British retailer Ocado cut losses significantly as its continued investment in its robotic warehouse technology helped drive revenue growth.
The company posted a loss of £153.9m in its half-year report, 46.8% less than the same period in 2023.
Revenue was up across the majority of its income streams, most notably its technology solutions, which rose by 21.8% to £241.4m.
This includes its robotic fulfilment centre technology, which Ocado licenses to other retailers. The growth in this division came despite several brands pausing or pushing back plans to adopt Ocado’s technology, including Marks & Spencer and Kroger.
Ocado posted total group revenue of £1.5bn for the first half of the year. The London-listed firm’s total revenue reported for 2023 was £2.8bn, with a pre-tax loss of £418m.
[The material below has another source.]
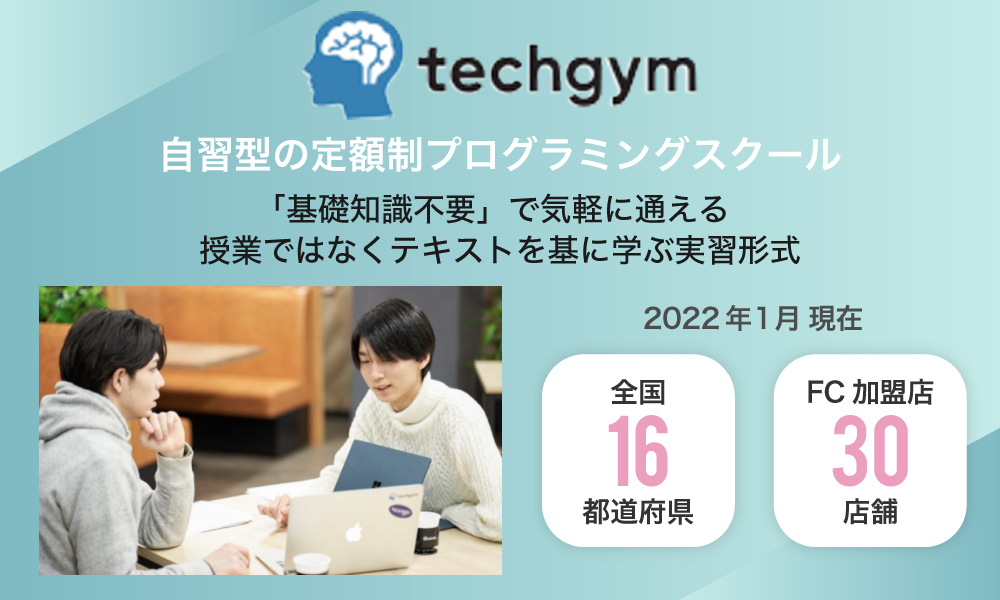 弊社は、自習型の定額制プログラミングスクール「テックジム」をFC(フランチャイズ)展開しているベンチャー企業です。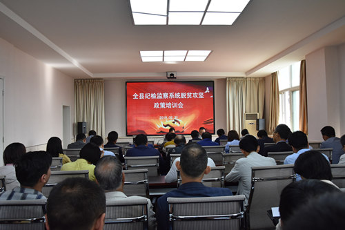 为认真贯彻落实《中央对陕西脱贫攻坚专项巡视反馈意见整改方案》要求,做好巡视整改工作,进一步提升全县纪检监察干部扶贫领域执纪监督问责工作能力,5月31日,陇县纪委监委利用一天时间召开了全县纪检监察干部脱贫攻坚政策培训会。

“We have come through an unprecedented period for online grocery, with multiple years of high food inflation following a surge in demand during the pandemic,” said Ocado Group CEO Tim Steiner.
“The global channel shift to online has now resumed and Ocado is uniquely well-positioned to take advantage of the opportunity.”
Last week, the online grocery giant revealed plans to build a new robotic warehouse in Japan as part of a deal with Aeon.
The automated facility will be the company’s third in the country, having first made a deal to provide high-tech customer fulfilment centres for the Japanese retail firm in 2019.
In September 2023, the firm launched a robotic fulfilment centre in Luton.
Shares in Ocado jumped 15% this morning to 388p, rising further to 393p at the time of writing.